What is needed is a word-for-word transcript of the listing, free of pictures.

◆ Stored data:

===============

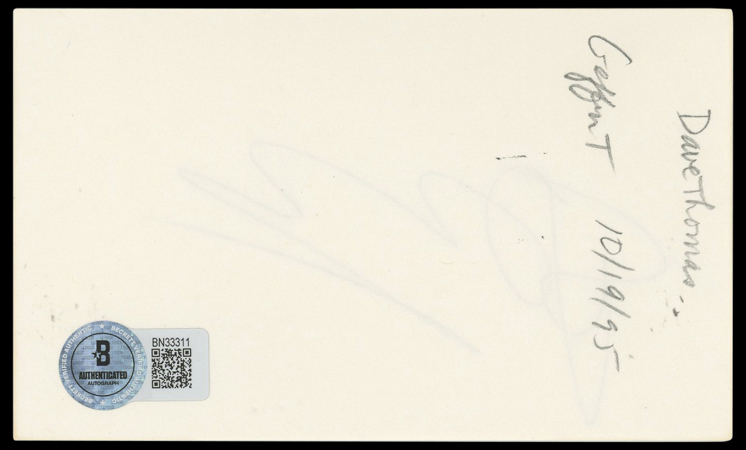 The authenticity can be verified on Beckett Authentication Services website. This Autographed 3x5 Index Card has been Personally Signed by Dave Thomas of Rat Race. This item is 100% Authentic to include a hologram by Beckett Authentication Services. This item will come with an affixed Beckett Authentication Services (BAS) authentication sticker, which includes a scannable QR code to verify authenticity. Please note that Beckett no longer provides serial-numbered COA cards, and the attached BAS sticker will serve as the complete authentication for this item. The authenticity can be verified on Beckett Authentication Services website.
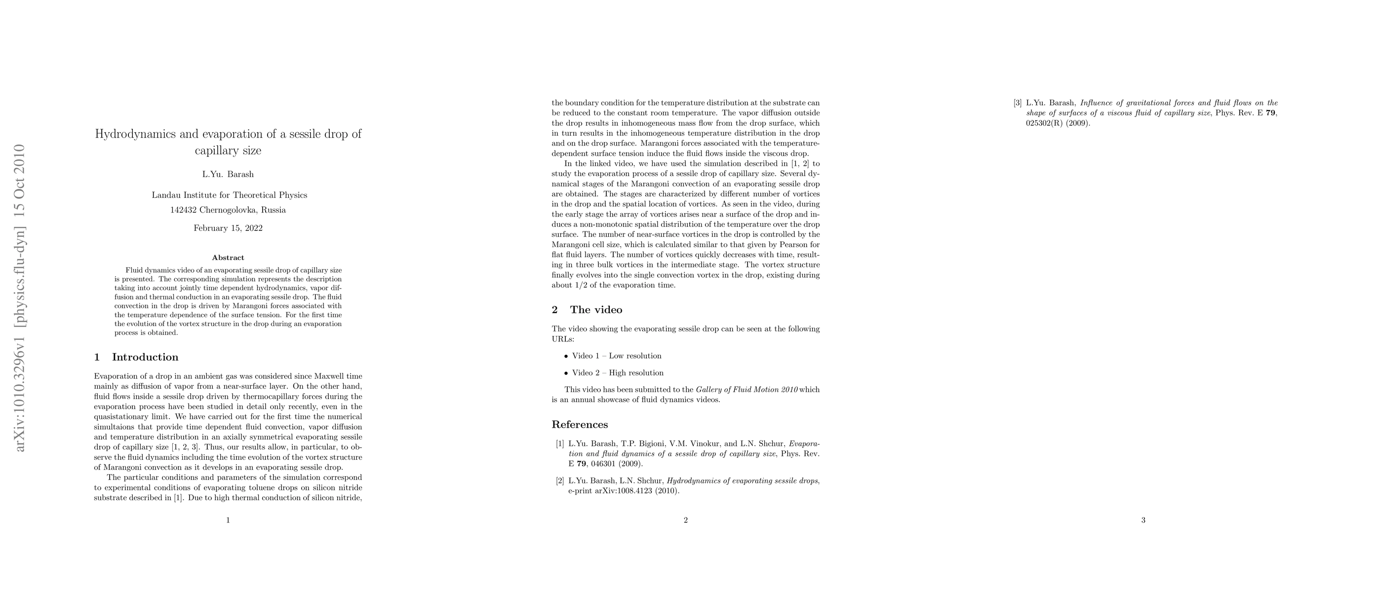 The numerical simulations provide time-dependent fluid convection, vapor diffusion, and temperature distribution in an axially symmetric evaporating sessile drop of capillary size.
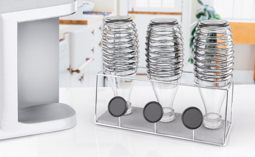 【Acciaio Inossidabile di Alta Qualità】 : Il supporto per lo scarico delle bottiglie di soda è realizzato in acciaio inossidabile per evitare la temuta ruggine. Il cuscinetto di diatomee assorbe l'acqua e la mantiene asciutta in 10 minuti. portabottiglie esigo acciaio Scovolino Per Bottiglie Scola Bottiglie Da Cucina Howdah Scolabottiglie Portabottiglie Da Cucina In Acciaio Inox Per 3 Bottiglie Di Soda E Tappi Di Bottiglia Con Diatomee Assorbenti Ad Asciugatura Rapida E Spazzola, Nero Bottiglie Scolatiche Sodastream Bottiglie Tutti i bordi del supporto di scarico sono lucidati e rifiniti per evitare di danneggiare voi, la vostra bottiglia e tutto il resto. 【Mantiene l'ordine】: Il cestello di sgocciolamento mantiene le bottiglie asciutte più velocemente e fornisce anche uno spazio extra per il lavandino per 3 bottiglie e 3 coperchi. La spazzola consente di pulire facilmente le macchie dalla bottiglia. 【Asciugatura aperta】: La verticale capovolta permette all'acqua rimasta nella bottiglia pulita di gocciolare rapidamente nel cuscinetto di diatomee, asciugando 10 volte più velocemente, utilizzando un metodo fisico che non richiede più l'uso di asciugatori aggiuntivi che consumano più elettricità. 【Prodotto e Specifiche】: Realizzato con 31 CM * 10,2 CM * 11,4 CM in acciaio inossidabile per scolapiatti per bottiglie di soda da cucina; 1 cuscinetto di diatomee; 1 spazzola per la pulizia delle bottiglie.
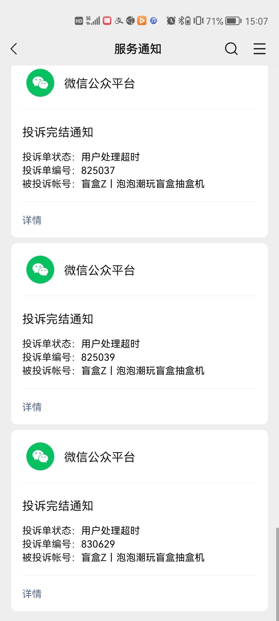 名为“盲盒Z”的小程序,12月27日购买的盲盒订单,25天了还未发货,在小程序内投诉无果,投诉工单也未按约定时间处理。想重新发起投诉,但是微信提示我同一个订单不能发起2次投诉,所以只能来这里找你们了

===============

◆ Output of the task:
 The authenticity can be verified on Beckett Authentication Services website. This Autographed 3x5 Index Card has been Personally Signed by Dave Thomas of Rat Race. This item is 100% Authentic to include a hologram by Beckett Authentication Services. This item will come with an affixed Beckett Authentication Services (BAS) authentication sticker, which includes a scannable QR code to verify authenticity. Please note that Beckett no longer provides serial-numbered COA cards, and the attached BAS sticker will serve as the complete authentication for this item. The authenticity can be verified on Beckett Authentication Services website.
 The numerical simulations provide time-dependent fluid convection, vapor diffusion, and temperature distribution in an axially symmetric evaporating sessile drop of capillary size.
 【Acciaio Inossidabile di Alta Qualità】 : Il supporto per lo scarico delle bottiglie di soda è realizzato in acciaio inossidabile per evitare la temuta ruggine. Il cuscinetto di diatomee assorbe l'acqua e la mantiene asciutta in 10 minuti. portabottiglie esigo acciaio Scovolino Per Bottiglie Scola Bottiglie Da Cucina Howdah Scolabottiglie Portabottiglie Da Cucina In Acciaio Inox Per 3 Bottiglie Di Soda E Tappi Di Bottiglia Con Diatomee Assorbenti Ad Asciugatura Rapida E Spazzola, Nero Bottiglie Scolatiche Sodastream Bottiglie Tutti i bordi del supporto di scarico sono lucidati e rifiniti per evitare di danneggiare voi, la vostra bottiglia e tutto il resto. 【Mantiene l'ordine】: Il cestello di sgocciolamento mantiene le bottiglie asciutte più velocemente e fornisce anche uno spazio extra per il lavandino per 3 bottiglie e 3 coperchi. La spazzola consente di pulire facilmente le macchie dalla bottiglia. 【Asciugatura aperta】: La verticale capovolta permette all'acqua rimasta nella bottiglia pulita di gocciolare rapidamente nel cuscinetto di diatomee, asciugando 10 volte più velocemente, utilizzando un metodo fisico che non richiede più l'uso di asciugatori aggiuntivi che consumano più elettricità. 【Prodotto e Specifiche】: Realizzato con 31 CM * 10,2 CM * 11,4 CM in acciaio inossidabile per scolapiatti per bottiglie di soda da cucina; 1 cuscinetto di diatomee; 1 spazzola per la pulizia delle bottiglie.
 名为“盲盒Z”的小程序,12月27日购买的盲盒订单,25天了还未发货,在小程序内投诉无果,投诉工单也未按约定时间处理。想重新发起投诉,但是微信提示我同一个订单不能发起2次投诉,所以只能来这里找你们了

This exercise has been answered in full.